Only the lines running from the line with "(၃-၅-၂၀၁၇) ရက်နေ့တွင် ကော့သောင်းခရိုင်ဦးစီးမှူးရုံး" to the end of the listing below should be copied, exactly, without pictures.
#####
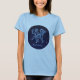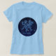 Tee apresentando o símbolo do zodíaco para Gemini em azul-prata-suave, como medalhão-redondo, sobreposto às estrelas da constelação, contra um fundo do céu estrelado formando de azul-da-meia-noite a preto.
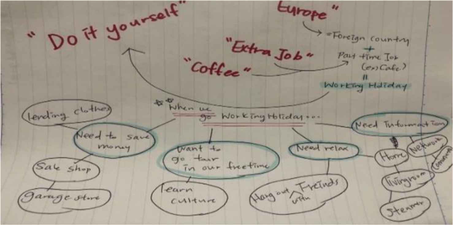 Story theme. Four things that the students on Working Holiday need might be Cheap clothes, Information, Relax and Tour.
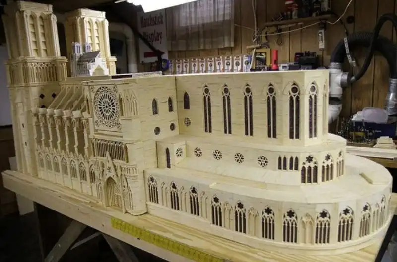 Позже заинтересовался возведением скульптур из спичек, произошло это в 1977 году.
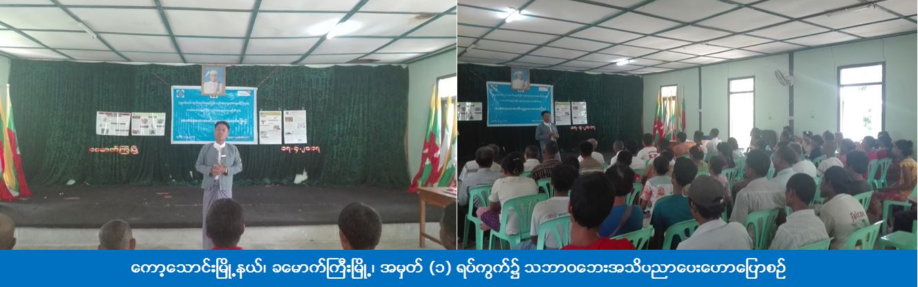 (၃-၅-၂၀၁၇) ရက်နေ့တွင် ကော့သောင်းခရိုင်ဦးစီးမှူးရုံး (ကဆရ) မှ တာဝန်ရှိသူများသည် ကော့သောင်းမြို့နယ်၊ ခမောက်ကြီးမြို့၊ အမှတ် (၁) ရပ်ကွက်၌ သဘာဝဘေးအသိပညာပေး ဟောပြောပွဲ ပြုလုပ်ခဲ့ကြောင်း သိရှိရပါသည်။
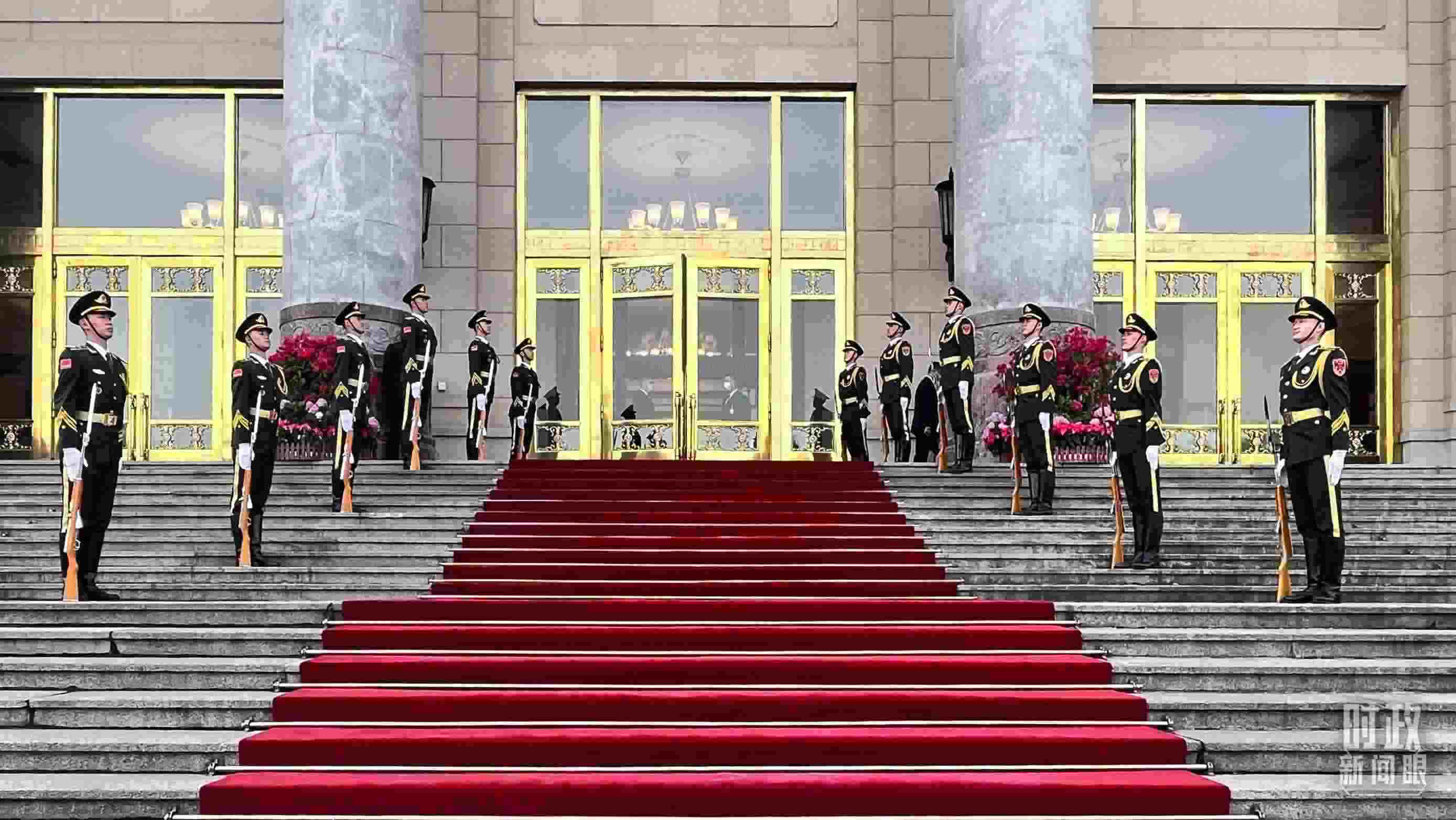 △ 2023年10月17日至20日,習近平主席在北京人民大會堂密集會見了26位外方領(lǐng)導(dǎo)人。圖為禮兵列隊迎接貴賓。(總臺央視記者張垚拍攝)
#####
Written response —
 (၃-၅-၂၀၁၇) ရက်နေ့တွင် ကော့သောင်းခရိုင်ဦးစီးမှူးရုံး (ကဆရ) မှ တာဝန်ရှိသူများသည် ကော့သောင်းမြို့နယ်၊ ခမောက်ကြီးမြို့၊ အမှတ် (၁) ရပ်ကွက်၌ သဘာဝဘေးအသိပညာပေး ဟောပြောပွဲ ပြုလုပ်ခဲ့ကြောင်း သိရှိရပါသည်။
 △ 2023年10月17日至20日,習近平主席在北京人民大會堂密集會見了26位外方領(lǐng)導(dǎo)人。圖為禮兵列隊迎接貴賓。(總臺央視記者張垚拍攝)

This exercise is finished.